This is the second part of our solution to the rare problem of too much prosciutto (see "Fettucine Alfredo," below). It also used what is probably the last of our fresh garden basil, as temperatures are now dropping into the 30s at night.
Get a pound of large-ish shrimp, and mix them into a bowl with some white wine, a little less olive oil, a clove or two of minced garlic, and a touch of dried red pepper. While they marinate, go out and pick the largest basil leaves you can find, one for each shrimp. Lay out your prosciutto, so you can see how many slices you have available, and get a shallow baking sheet lined with tinfoil.
Now your task is to roll each shrimp in a basil leaf and then in a prosciutto strip, so that it's mainly covered but doesn't unroll. How you do this depends on how big the shrimp and the basil leaves are, how many prosciutto slices you have, and your own geometric analysis of all of the above. Holt found a great prosciutto-cutting technique: as the nice guy at Krause's had laid out the slices on individual pieces of greaseproof paper, Holt scissored through both paper and prosciutto to get the size he wanted, then just lifted the prosciutto off the paper.

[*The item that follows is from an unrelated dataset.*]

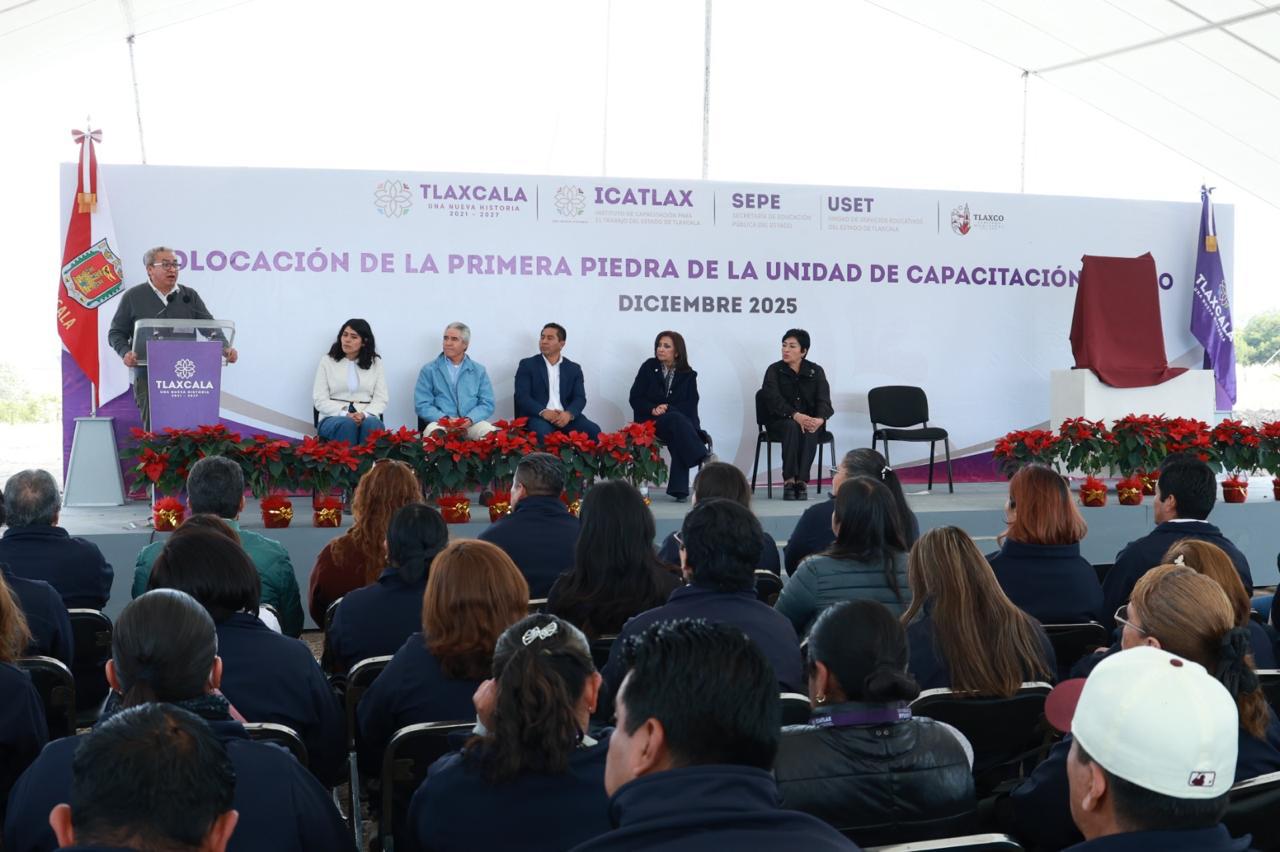 La gobernadora Lorena Cuéllar Cisneros encabezó la develación de la primera piedra de lo que será la nueva Unidad del Instituto de Capacitación para el Trabajo de Tlaxcala (Icatlax) en Tlaxco, que en una primera etapa contempla una inversión de 6.1 millones de pesos. La obra se desarrollará bajo un enfoque agropecuario que impulsará la empleabilidad, la productividad y el bienestar comunitario en el municipio.

Lay the wrapped shrimp out on the baking sheet, and broil them about 3-4 inches from the heat. Watch them like a shrimp-eating hawk (an osprey? an erne?) - ours took only about 4 minutes. As they're on hot metal, you don't have to flip them, and they're done when the shrimp looks pink and opaque at its thick end.
You could wrap the shrimp in prosciutto alone, or basil leaves alone, or some in one and some in the other; or you could grill them on skewers if you flipped them halfway through. A squeeze of lemon would be nice, and they would make excellent appetizers for a party, too.